ACTIVITY: Give back exactly the stretch of data below from the line holding "7月8日晚7:30,应新葡萄" through the line holding "GIANT Sheepskin Double", both ends included, and leave the remaining lines out.

===== DATA SUPPLIED

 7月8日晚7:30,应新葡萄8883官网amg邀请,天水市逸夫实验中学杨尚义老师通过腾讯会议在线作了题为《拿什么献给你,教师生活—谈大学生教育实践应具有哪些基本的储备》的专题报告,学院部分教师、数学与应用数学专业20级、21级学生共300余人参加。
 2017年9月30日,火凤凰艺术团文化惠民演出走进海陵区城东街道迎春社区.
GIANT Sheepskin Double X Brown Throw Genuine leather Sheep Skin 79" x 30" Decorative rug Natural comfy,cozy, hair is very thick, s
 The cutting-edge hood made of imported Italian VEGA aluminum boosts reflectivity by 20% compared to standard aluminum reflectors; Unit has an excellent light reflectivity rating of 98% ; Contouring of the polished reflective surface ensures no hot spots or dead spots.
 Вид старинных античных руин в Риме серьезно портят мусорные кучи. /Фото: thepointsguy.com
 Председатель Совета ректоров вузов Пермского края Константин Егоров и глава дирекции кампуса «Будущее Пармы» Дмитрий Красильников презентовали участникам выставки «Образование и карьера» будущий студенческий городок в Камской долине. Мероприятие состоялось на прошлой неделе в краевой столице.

==========
===== DATA SUPPLIED

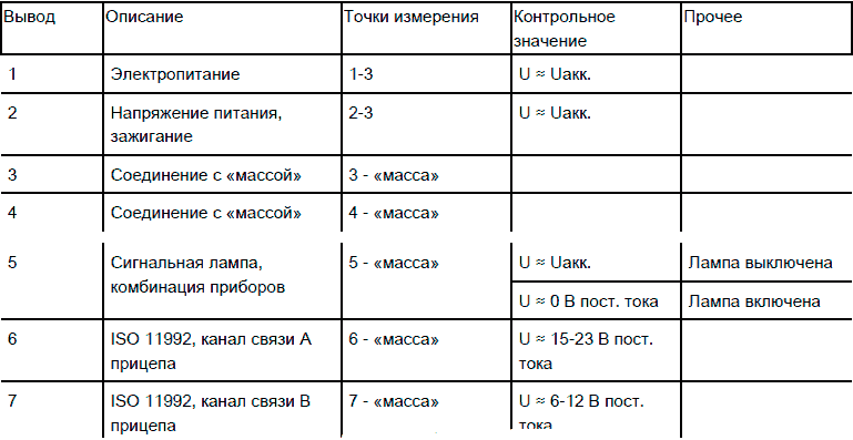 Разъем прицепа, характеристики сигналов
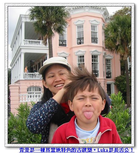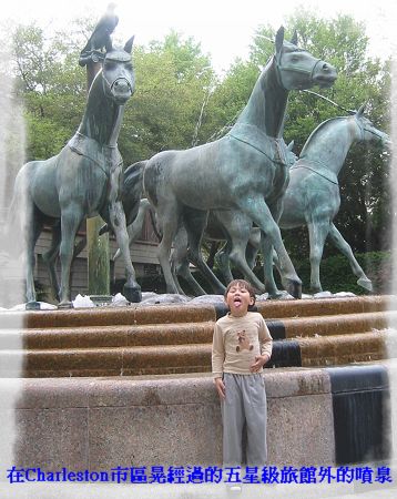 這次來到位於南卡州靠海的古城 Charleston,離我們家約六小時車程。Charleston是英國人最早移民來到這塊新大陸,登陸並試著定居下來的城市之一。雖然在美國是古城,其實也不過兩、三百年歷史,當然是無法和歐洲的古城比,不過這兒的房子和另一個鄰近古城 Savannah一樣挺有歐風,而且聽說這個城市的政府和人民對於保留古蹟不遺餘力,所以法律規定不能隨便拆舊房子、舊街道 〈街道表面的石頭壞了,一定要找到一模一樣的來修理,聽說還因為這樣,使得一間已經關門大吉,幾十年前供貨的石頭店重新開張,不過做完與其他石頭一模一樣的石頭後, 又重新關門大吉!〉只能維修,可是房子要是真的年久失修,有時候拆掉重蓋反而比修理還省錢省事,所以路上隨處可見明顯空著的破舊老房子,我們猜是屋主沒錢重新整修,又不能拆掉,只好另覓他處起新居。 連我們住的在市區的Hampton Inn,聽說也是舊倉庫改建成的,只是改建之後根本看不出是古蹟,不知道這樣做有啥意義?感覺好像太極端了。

==========
===== DATA SUPPLIED

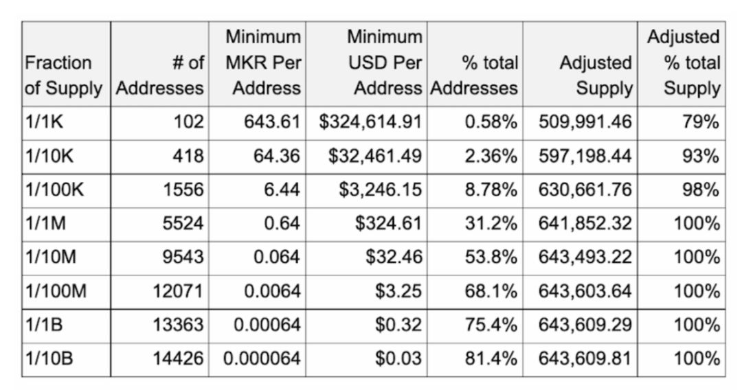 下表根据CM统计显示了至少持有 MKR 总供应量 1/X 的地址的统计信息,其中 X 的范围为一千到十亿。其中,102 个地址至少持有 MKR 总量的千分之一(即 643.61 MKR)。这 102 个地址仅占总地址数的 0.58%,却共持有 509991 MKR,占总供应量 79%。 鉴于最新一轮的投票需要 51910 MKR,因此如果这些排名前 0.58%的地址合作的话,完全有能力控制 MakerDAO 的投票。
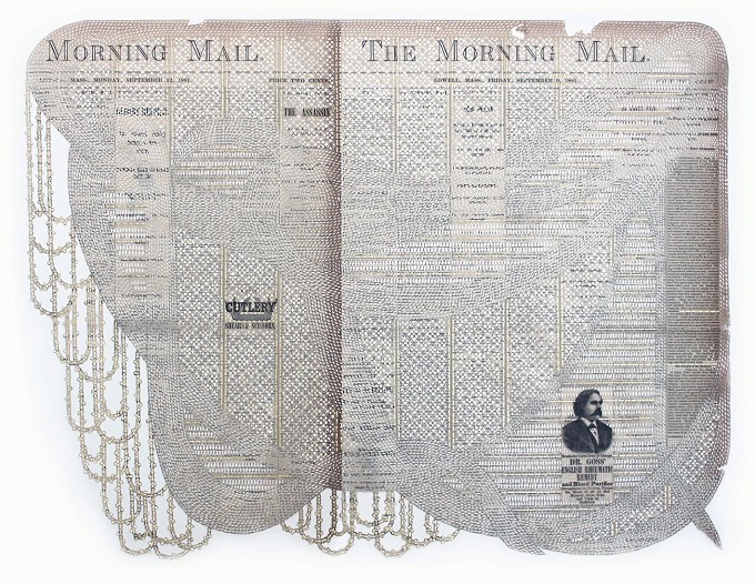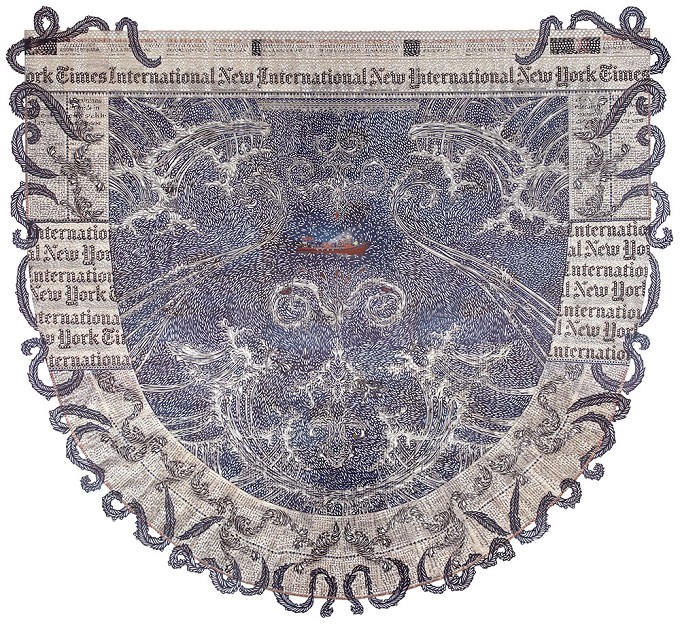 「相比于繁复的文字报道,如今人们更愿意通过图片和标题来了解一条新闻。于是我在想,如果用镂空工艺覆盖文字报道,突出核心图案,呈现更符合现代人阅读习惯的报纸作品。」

==========

TASK RESULT:
 7月8日晚7:30,应新葡萄8883官网amg邀请,天水市逸夫实验中学杨尚义老师通过腾讯会议在线作了题为《拿什么献给你,教师生活—谈大学生教育实践应具有哪些基本的储备》的专题报告,学院部分教师、数学与应用数学专业20级、21级学生共300余人参加。
 2017年9月30日,火凤凰艺术团文化惠民演出走进海陵区城东街道迎春社区.
GIANT Sheepskin Double X Brown Throw Genuine leather Sheep Skin 79" x 30" Decorative rug Natural comfy,cozy, hair is very thick, s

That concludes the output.